Kanzler S, Baumann M, Schirmacher P, Dries V, Bayer E, Gerken G, Dienes H P, Lohse A W
Department of Medicine, Johannes Gutenberg-University, Mainz, Germany.
J Viral Hepat. 2001 Nov;8(6):430-7. doi: 10.1046/j.1365-2893.2001.00314.x.
Although many patients with chronic viral hepatitis C infection suffer from progressive liver disease, the rate of fibrosis progression is highly variable and some patients do not show any measurable progression. However, our ability to predict which patients progress is very limited. Since transforming growth factor-beta (TGF-beta) is a key mediator of liver fibrogenesis, we assessed the predictive role of TGF-beta for fibrogenesis in chronic hepatitis C. We studied 39 patients with chronic hepatitis C in whom two liver biopsies were taken at least 12 months apart, and who did not receive therapy during this period. TGF-beta was measured by bioassay and by ELISA in serum samples taken at the time of the first biopsies, and TGF-beta was determined semiquantitatively by immunostaining of liver biopsy sections. Fibrosis was scored blinded in the biopsy samples by two pathologists independently.
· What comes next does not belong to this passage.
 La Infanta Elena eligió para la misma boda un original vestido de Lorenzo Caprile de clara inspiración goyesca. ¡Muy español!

There was a close correlation between TGF-beta serum levels and the rate of fibrosis progression. Patients with no progression of fibrosis had significantly lower (59 ng/mL +/- 22) TGF-beta serum levels than patients with progressive disease (115 ng/mL +/- 20), and a TGF-beta level below 75 ng/mL was predictive for stable disease. Immunohistology for TGF-beta in biopsy samples was also predictive for progressive liver disease with fibrosis progression found in those patients displaying staining of hepatocytes and sinusoidal cells. No such correlation was found with other markers such as procollagen III peptide, viral load or transaminase levels. These results further support the role of TGF-beta in liver fibrogenesis, and offer an opportunity to predict clinical disease progression, which may help in selecting patients who are in need of therapeutic interventions.
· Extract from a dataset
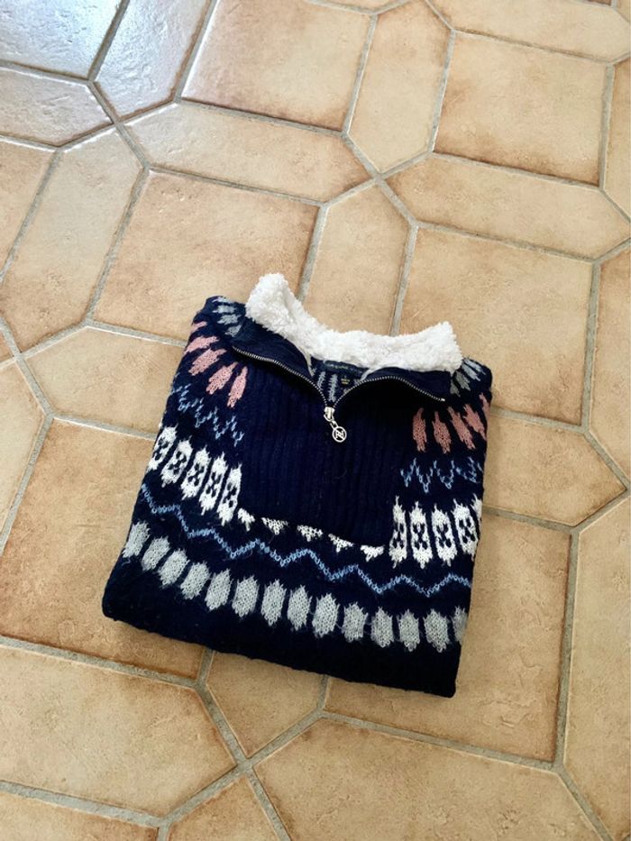 Pull gilet col camionneur col sherpa motif ethnic vintage Y2k 90’s - photo numéro 1

虽然许多慢性丙型肝炎病毒感染患者患有进行性肝病,但纤维化进展速率差异很大,一些患者未显示出任何可测量的进展。然而,我们预测哪些患者会进展的能力非常有限。由于转化生长因子-β(TGF-β)是肝纤维化形成的关键介质,我们评估了TGF-β在慢性丙型肝炎纤维化形成中的预测作用。我们研究了39例慢性丙型肝炎患者,这些患者至少间隔12个月进行了两次肝活检,且在此期间未接受治疗。在首次活检时采集的血清样本中,通过生物测定法和酶联免疫吸附测定法测量TGF-β,并通过肝活检切片的免疫染色对TGF-β进行半定量测定。两名病理学家对活检样本中的纤维化进行独立的盲法评分。TGF-β血清水平与纤维化进展速率密切相关。纤维化无进展的患者TGF-β血清水平(59 ng/mL±22)显著低于疾病进展的患者(115 ng/mL±20),TGF-β水平低于75 ng/mL可预测疾病稳定。活检样本中TGF-β的免疫组织学检查也可预测进行性肝病,在那些肝细胞和窦状隙细胞染色的患者中发现有纤维化进展。未发现与其他标志物如Ⅲ型前胶原肽、病毒载量或转氨酶水平有此类相关性。这些结果进一步支持了TGF-β在肝纤维化形成中的作用,并提供了预测临床疾病进展的机会,这可能有助于选择需要治疗干预的患者。